EXERCISE AIM
Copy out the full listing exactly, omitting any picture it contains.

DATA EXCERPT
<<<<

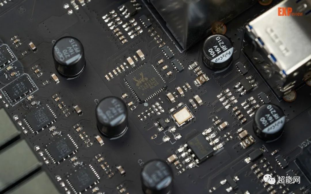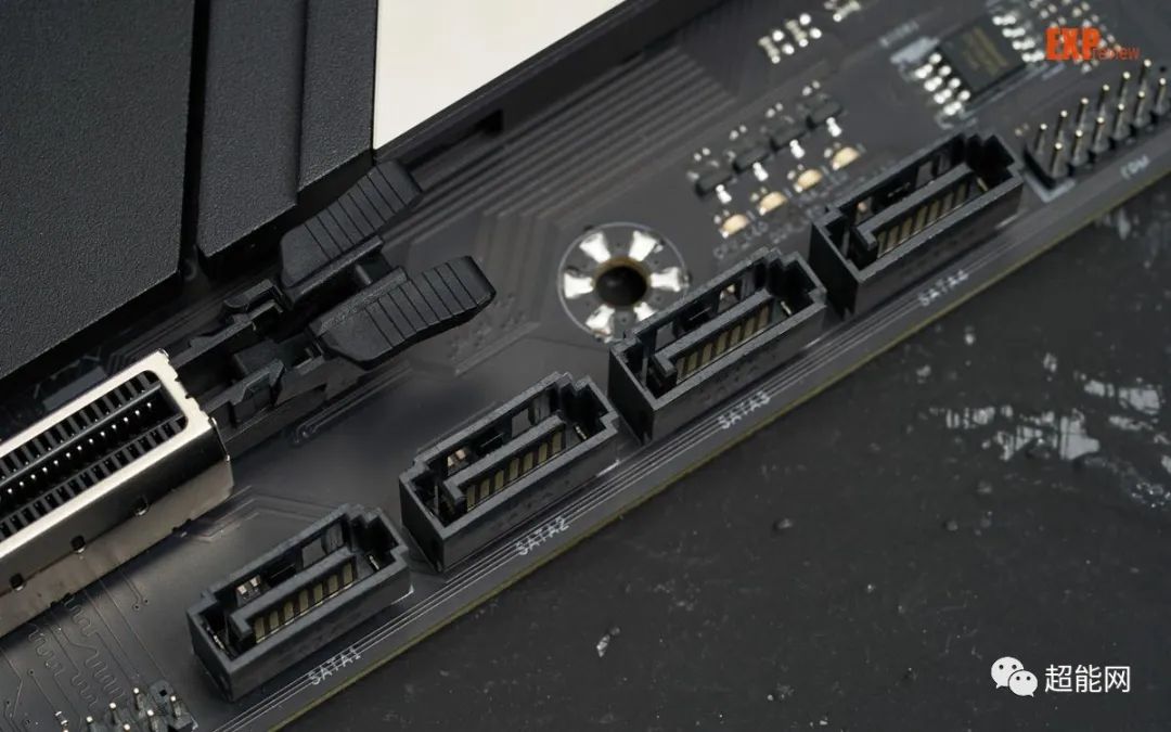 板载M.2接口有三个,都是PCI-E 4.0 x4的,均不全力支持SATA,一个靠近CPU的M.2 2280是由CPU提供的,这接口没有配M.2散热片,但由于是CPU提供的接口有着更低的延迟所以又是首选的接口,所以主盘建议买那些带散热片的高性能SSD,另一个由PCH提供的M.2 22110口则有几块较大的散热片覆盖。
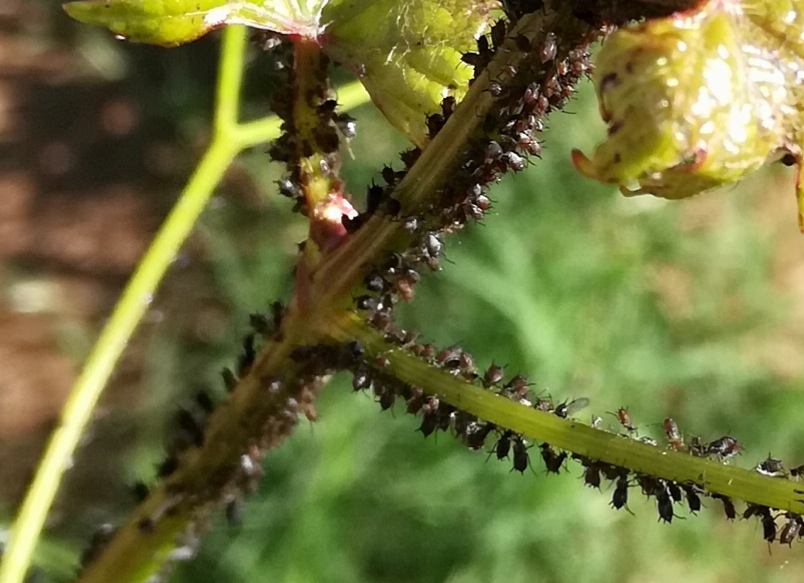 Sarebbe interessante conoscere la specie in quanto su vite è raro trovare infestazione di afidi: ciò in verità sarebbe possibile solo se uno specialista li avesse sotto la lente, tuttavia ti chiederei, se hai voglia, di verificare se sulle vicine zucchine e/o altre piante sia presente, giusto per avere un orientamento.
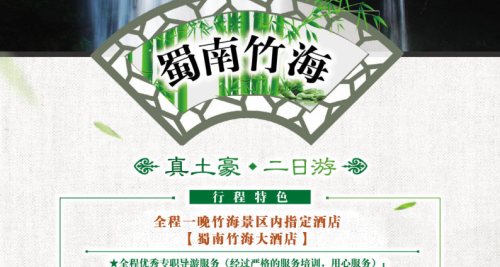 全程一晚竹海景区内指定酒店 :蜀南竹海大酒店; 全程优秀专职导游服务、经过严格的服务培训,用心服务。

>>>>

ANSWER BOX
 板载M.2接口有三个,都是PCI-E 4.0 x4的,均不全力支持SATA,一个靠近CPU的M.2 2280是由CPU提供的,这接口没有配M.2散热片,但由于是CPU提供的接口有着更低的延迟所以又是首选的接口,所以主盘建议买那些带散热片的高性能SSD,另一个由PCH提供的M.2 22110口则有几块较大的散热片覆盖。
 Sarebbe interessante conoscere la specie in quanto su vite è raro trovare infestazione di afidi: ciò in verità sarebbe possibile solo se uno specialista li avesse sotto la lente, tuttavia ti chiederei, se hai voglia, di verificare se sulle vicine zucchine e/o altre piante sia presente, giusto per avere un orientamento.
 全程一晚竹海景区内指定酒店 :蜀南竹海大酒店; 全程优秀专职导游服务、经过严格的服务培训,用心服务。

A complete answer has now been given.